[RFC v2 1/2] dma-buf: Introduce dma buffer sharing mechanism

Mon Dec 5 12:58:39 PST 2011

On Mon, Dec 05, 2011 at 08:29:49PM +0100, Arnd Bergmann wrote:
> On Monday 05 December 2011 19:55:44 Daniel Vetter wrote:
> > > The only way to solve this that I can think of right now is to
> > > mandate that the mappings are all coherent (i.e. noncachable
> > > on noncoherent architectures like ARM). If you do that, you no
> > > longer need the sync_sg_for_* calls.
> >
> > Woops, totally missed the addition of these. Can somebody explain to used
> > to rather coherent x86 what we need these for and the code-flow would look
> > like in a typical example. I was kinda assuming that devices would bracket
> > their use of a buffer with the attachment_map/unmap calls and any cache
> > coherency magic that might be needed would be somewhat transparent to
> > users of the interface?
>
> I'll describe how the respective functions work in the streaming mapping
> API (dma_map_*): You start out with a buffer that is owned by the CPU,
> i.e. the kernel can access it freely. When you call dma_map_sg or similar,
> a noncoherent device reading the buffer requires the cache to be flushed
> in order to see the data that was written by the CPU into the cache.
>
> After dma_map_sg, the device can perform both read and write accesses
> (depending on the flag to the map call), but the CPU is no longer allowed
> to read (which would allocate a cache line that may become invalid but
> remain marked as clean) or write (which would create a dirty cache line
> without writing it back) that buffer.
>
> Once the device is done, the driver calls dma_unmap_* and the buffer is
> again owned by the CPU. The device can no longer access it (in fact
> the address may be no longer be backed if there is an iommu) and the CPU
> can again read and write the buffer. On ARMv6 and higher, possibly some
> other architectures, dma_unmap_* also needs to invalidate the cache
> for the buffer, because due to speculative prefetching, there may also
> be a new clean cache line with stale data from an earlier version of
> the buffer.
>
> Since map/unmap is an expensive operation, the interface was extended
> to pass back the ownership to the CPU and back to the device while leaving
> the buffer mapped. dma_sync_sg_for_cpu invalidates the cache in the same
> way as dma_unmap_sg, so the CPU can access the buffer, and
> dma_sync_sg_for_device hands it back to the device by performing the
> same cache flush that dma_map_sg would do.
>
> You could for example do this if you want video input with a
> cacheable buffer, or in an rdma scenario with a buffer accessed
> by a remote machine.
>
> In case of software iommu (swiotlb, dmabounce), the map and sync
> functions don't do cache management but instead copy data between
> a buffer accessed by hardware and a different buffer accessed
> by the user.

Thanks a lot for this excellent overview. I think at least for the first
version of dmabuf we should drop the sync_* interfaces and simply require
users to bracket their usage of the buffer from the attached device by
map/unmap. A dma_buf provider is always free to cache the mapping and
simply call sync_sg_for of the streaming dma api.

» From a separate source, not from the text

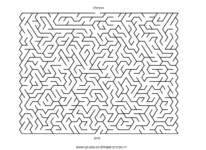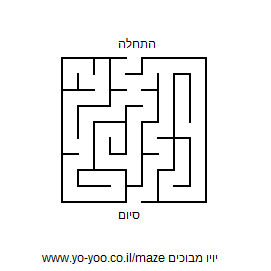 1. לחצו על כפתור "הדפסת מבוך" - הדפיסו ופתרו את המבוך 2.מבוך להדפסה במחשב - לחצו העתק על המבוך והדביקו בתוכנת בוורד או תוכנה אחרת במחשב 3.מבוך להורדה - ניתן להוריד את המבוך למחשב ולהדפיס 4. הורידו למחשב, פתחו באמצעות תוכנת צייר ופתרו |

If it later turns out that we want to be able to cache the sg list also on
the use-site in the driver (e.g. map it into some hw sg list) we can
always add that functionality later. I just fear that sync ops among N
devices is a bit ill-defined and we already have a plethora of ill-defined
issues at hand. Also the proposed api doesn't quite fit into what's
already there, I think an s/device/dma_buf_attachment/ would be more
consistent - otherwise the dmabuf provider might need to walk the list of
attachements to get at the right one for the device.

> > The map call gets the dma_data_direction parameter, so it should be able
> > to do the right thing. And because we keep the attachement around, any
> > caching of mappings should be possible, too.
> >
> > Yours, Daniel
> >
> > PS: Slightly related, because it will make the coherency nightmare worse,
> > afaict: Can we kill mmap support?
>
> The mmap support is required (and only make sense) for consistent mappings,
> not for streaming mappings. The provider must ensure that if you map
> something uncacheable into the kernel in order to provide consistency,
> any mapping into user space must also be uncacheable. A driver
> that wants to have the buffer mapped to user space as many do should
> not need to know whether it is required to do cacheable or uncacheable
> mapping because of some other driver, and it should not need to worry
> about how to set up uncached mappings in user space.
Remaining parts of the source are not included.